A. Freud'a göre bir psikanalistin çocuk terapisinde başarılı olabilmesi için çocuk üzerinde yetkiye sahip olması gerekir, çünkü çocuğun Süper Ego'su nispeten zayıftır ve psikoterapi sonucunda ortaya çıkan dürtülerle dışarıdan yardım almadan baş edemez. A. Freud, bir çocuğu psikanaliz ederken, dış dünyanın nevroz mekanizması üzerinde bir yetişkine göre çok daha güçlü bir etkiye sahip olduğunu vurguluyor. Çocuk psikanalistinin mutlaka çevreyi dönüştürmek için çalışması gerekir. Dış dünya ve onun eğitimsel etkileri, içgüdüsel eğilimlere karşı mücadelede çocuğun zayıf benliğinin güçlü bir müttefikidir.

İngiliz psikanalist M. Klein (1882-1960), psikanalizi organize etme yaklaşımını erken yaşta geliştirdi.Çocuğun spontane oyun aktivitesine asıl dikkat gösterildi. M. Klein, A. Freud'un aksine çocuğun bilinçdışı içeriğine doğrudan erişim olasılığı üzerinde ısrar etti. Eylemin bir çocuğun konuşmasından daha karakteristik özelliği olduğuna ve serbest oyunun bir yetişkinin çağrışımlarının akışına eşdeğer olduğuna inanıyordu; Oyunun aşamaları bir yetişkinin çağrışımsal üretiminin analoglarıdır.

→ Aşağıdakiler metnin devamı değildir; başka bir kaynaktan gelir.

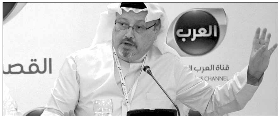
Jamal Khashoggi a dispărut după ce a intrat în consulatul din Istanbul la 2 octombrie

Arabia Saudită a trimis o echipă în Turcia pentru o investigație comună și găsirea de dovezi despre crima comisă în Consulatul Arabiei Saudite din Istanbul, a declarat ministrul saudit într-o conferință de presă în timpul unei
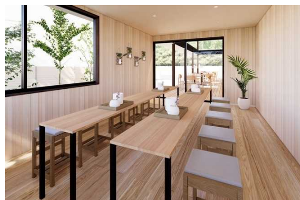
ワークショップスペースイメージ図
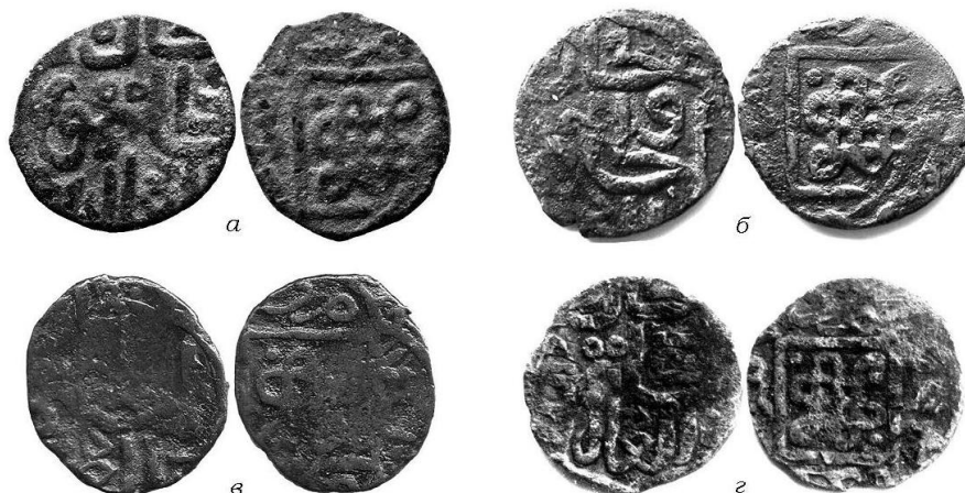
Рис. 5. Пулы 768 г.х.:

а) Zeno #27996; б) Zeno #32124; в) частная коллекция; г) частная коллекция (перечекан)
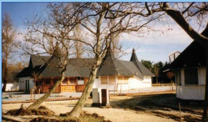
Épül a központi strand (1995.)
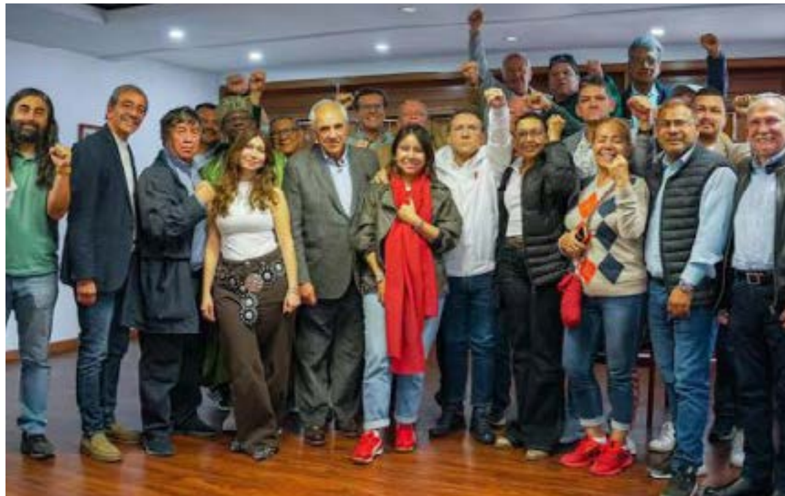
El expresidente, Ernesto Samper y el precandidato Roy Barreras, comandan el Frente Amplio para participar en una consulta con el petrismo. El ganador será el candidato oficial de la izquierda.

La oposición al Gobierno de Gustavo Petro intensifi-
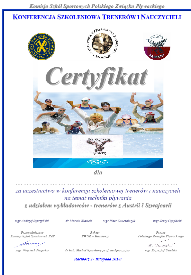
Państwowa Wyższa Szkoła Zawodowa w Raciborzu

Na zakończenie uczestnicy otrzymali okolicznościowe certyfikaty.
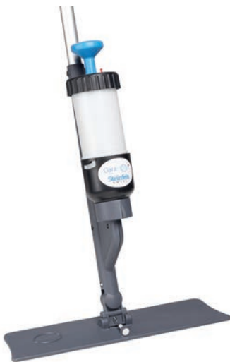
EASY CLEAN SYSTEM DRIZZ (SET) 28 / 40 / 60 CM

Mit Klettthaltern 28, 40 oder 60 cm. Sprühkopf auf dem Halter. Bodennahe Befeuchtung. Einfachstes Handling. Art. 124924, 28 cm Drizz Set Art. 124922, 40 cm Drizz Set Art. 124920, 60 cm Drizz (kein Set!)
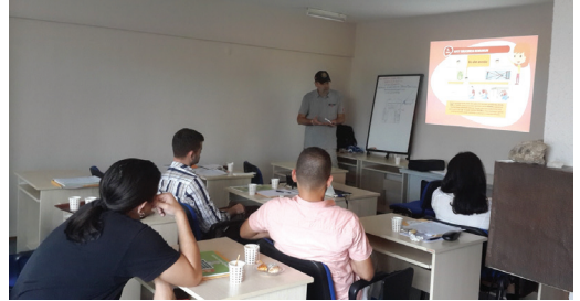
TMMOB Jeoloji Mühendisleri Odası İstanbul Şubesi Doğal Afet Komisyonu tarafından 06.09.2014 tarihinde düzenlenen Güvenli Yaşam eğitimlerimizden bir görüntü
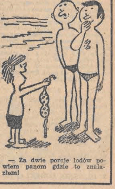
— Za dwie porcje lodów powiem panom gdzie to znalazłem!

W piątek w ZSSR wprowadzono na orbitę okołozemską kolejnego sztucznego satelity Ziemi z serii „Kosmos” o numerze porządkowym 1305. Na pokładzie znajduje się aparatura przeznaczona do kontynuowania badań przestrzeni kosmicznej. Aparatura pokładowa funkcjonuje normalnie.
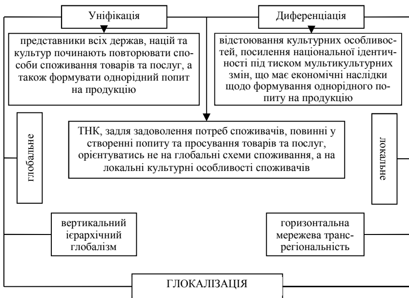
Рис. 2. Подвійний характер глокалізації

– «регкал» (англ. «regcal») – гібрид, введений С. Тай та Й. Йонгом для характеристики взаємовідносин в рамках регіональної та локальної бінарності.
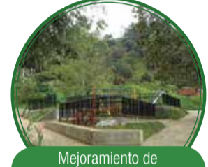
Mejoramiento de espacios públicos y urbanismo $794 millones
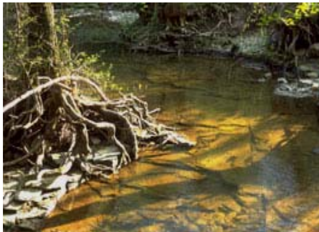
Abb. 10: Naturnahe Sohlstrukturen in einem sandführenden Gewässer

Bei einem gewässermorphologisch dynamischen Gewässer werden sich die standorttypischen Untergrundverhältnissen selbständig entwickeln. Die hydraulischen Bedingungen bestimmen den Feststofftransport und damit auch die gewässertypische Sohlausbildung mit entsprechender Substratsortierung und Ausbildung der kleinräumigen Strukturelemente (Sand, Kies u.ä.).
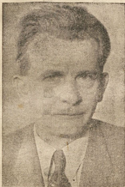
Tovariš Josip Vidmar, predsednik OF

27. april leta 1941 je bil in bo za vedno ostal mejnik v zgodovini slovenskega ljudstva. Tega dneva se je na pobudo Komunistične Partije ustanovila Osvobodilna fronta, ki je v zadnjih desetih letih vodila in vzgajala slovenski narod. Privedla ga je tako daleč, da je nehal biti hlapec in da je na svoji zemlji postal sam gospodar. Skozi deset let je bila OF učiteljica in voditeljica delovnega ljudstva na pot v boljši jutrišnji dan.
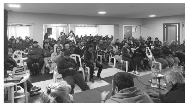
Asamblea General del 30 de mayo
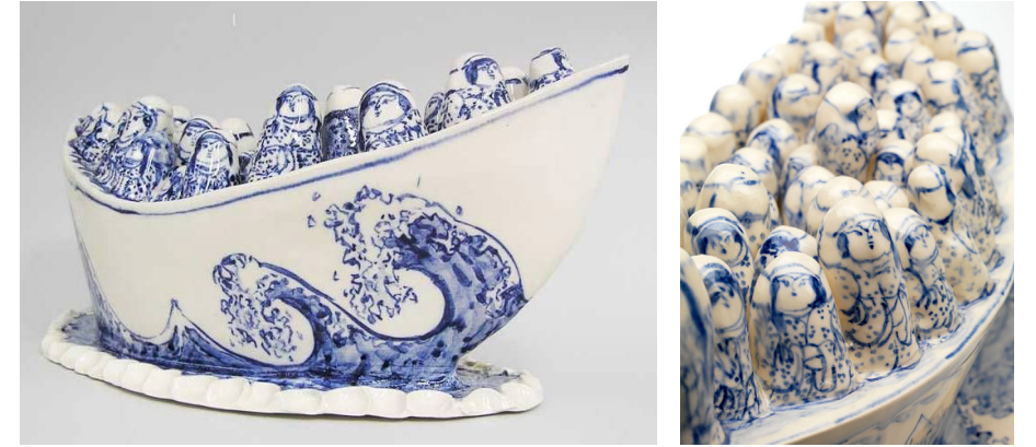
Görsel 3. Gerry Wedd, "Bayan Kayık" ve detay, 2008, sırlı seramik, kobalt bezeme.

Gerry Wedd'in çalışmaları, yıkıcı bir protesto biçimi yaratmak için genellikle baskın mavi, beyaz 'söğüt deseni' ve bilinen imgeler gibi tanıdık temaları konu edinmektedir, Sanat eseri, ilk olarak 2012 yılında "Mülteciler ve Avustralya Göç Müzesi"nde sergilenmiştir. Daha sonra da müze koleksiyonuna kalıcı olarak bağışlanmıştır.
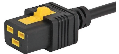
029 V-LOCK C19
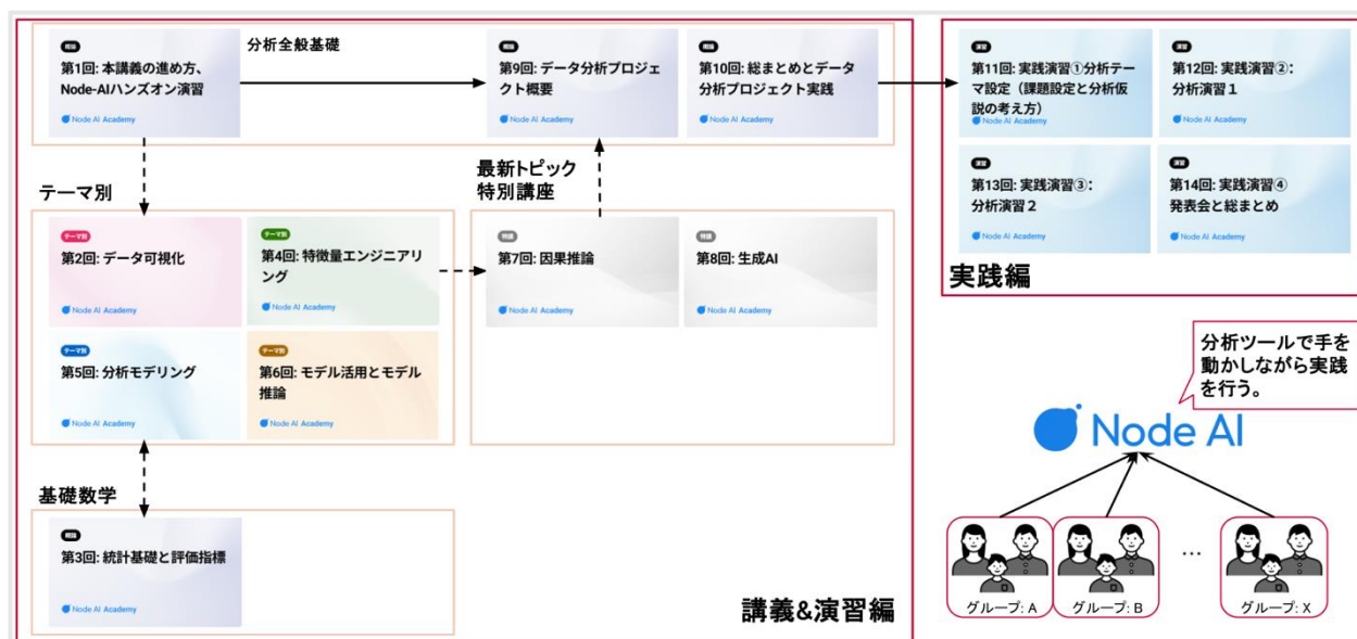
<カリキュラム構成マップ>

Klein'a göre çocuklarla psikanaliz, öncelikle özel olarak yaratılmış koşulların kendini göstermesine yardımcı olan kendiliğinden çocuk oyunlarına dayanıyordu. Terapist çocuğa çok sayıda küçük oyuncak, "minyatür bir dünya" sağlar ve ona bir saat boyunca özgürce hareket etme fırsatı verir. Psikanalitik oyun teknikleri için en uygun olanları basit, mekanik olmayan oyuncaklardır: farklı boyutlarda ahşap erkek ve kadın figürleri, hayvanlar, evler, çitler, ağaçlar, çeşitli araçlar, küpler, toplar ve top setleri, hamuru, kağıt, makas, yumuşak bıçak, kurşun kalem, boya kalemi, boya, yapıştırıcı ve ip. Oyuncakların çeşitliliği, miktarı ve minyatür boyutu, çocuğun fantezilerini geniş çapta ifade etmesine ve mevcut çatışma durumları deneyimini kullanmasına olanak tanır. Oyuncakların ve insan figürlerinin sadeliği, onların kurgusal veya çocuğun gerçek deneyiminden yola çıkan olay örgüsüne kolayca dahil edilmesini sağlar. Oyun odası da çok basit bir şekilde donatılmalı ancak maksimum hareket özgürlüğü sağlamalıdır. Oyun terapisi bir masa, birkaç sandalye, küçük bir kanepe, birkaç yastık, yıkanabilir bir zemin, akan su ve bir şifonyer gerektirir. Her çocuğun oyun malzemeleri ayrı ayrı, belirli bir çekmecede kilitli olarak saklanır. Bu durum, çocuğu, oyuncaklarının ve onlarla oynamanın yalnızca kendisi ve psikanalist tarafından bilineceğine inandırmayı amaçlamaktadır. Çocuğun çeşitli tepkilerinin gözlemlenmesi, “çocuk oyununun akışı” (ve özellikle saldırganlık veya şefkatin tezahürleri), çocuğun deneyimlerinin yapısını incelemenin ana yöntemi haline gelir. Oyunun kesintisiz akışı, çağrışımların serbest akışına karşılık gelir; Oyunlardaki kesintiler ve engellemeler, serbest çağrışımdaki kesintilere eşdeğerdir. Oyuna ara vermek, serbest çağrışımlardaki dirençle karşılaştırılabilir, egonun koruyucu bir eylemi olarak görülür. Oyunda çeşitli duygusal durumlar ortaya çıkabilir: hayal kırıklığı ve reddedilme duyguları, aile üyelerini kıskanma ve buna eşlik eden saldırganlık, sevgi veya sevgi duyguları. yeni doğmuş bebeğe karşı nefret, bir arkadaşla oynamaktan zevk almak, ebeveynlerle yüzleşmek, endişe duyguları, suçluluk duygusu ve durumu düzeltme arzusu.



Çocuğun gelişim geçmişine ilişkin ön bilgi ve belirtilerin ve bozuklukların ortaya konulması, terapistin çocuk oyununun anlamını yorumlamasına yardımcı olur. Kural olarak psikanalist, çocuğa oyununun bilinçdışı kökenlerini açıklamaya çalışır; bunun için çocuğun, oyunda kullanılan figürlerin ailesinin gerçek üyelerinden hangilerini temsil ettiğini anlamasına yardımcı olmak için büyük bir ustalık kullanması gerekir. Aynı zamanda psikanalist, yorumun deneyimlenen psişik gerçekliği doğru bir şekilde yansıttığı konusunda ısrar etmez; bu daha ziyade metaforik bir açıklama veya test edilmek üzere ileri sürülen yorumlayıcı bir öneridir. Çocuk kendi kafasında bilinmeyen bir şeyin ("bilinçdışı") olduğunu ve analistin de oyununa katıldığını anlamaya başlar. Bazen çocuk, saldırganlığının babasına veya erkek kardeşine yönelik olduğu söylendiğinde terapistin yorumunu kabul etmeyi reddedebilir ve hatta oynamayı bırakabilir ve oyuncakları atabilir. Bu tür tepkiler de psikanalistin yorumunun konusu haline gelir.Çocuğun oyununun doğasındaki değişiklikler, oyunun önerilen yorumunun doğruluğunu doğrudan doğrulayabilir.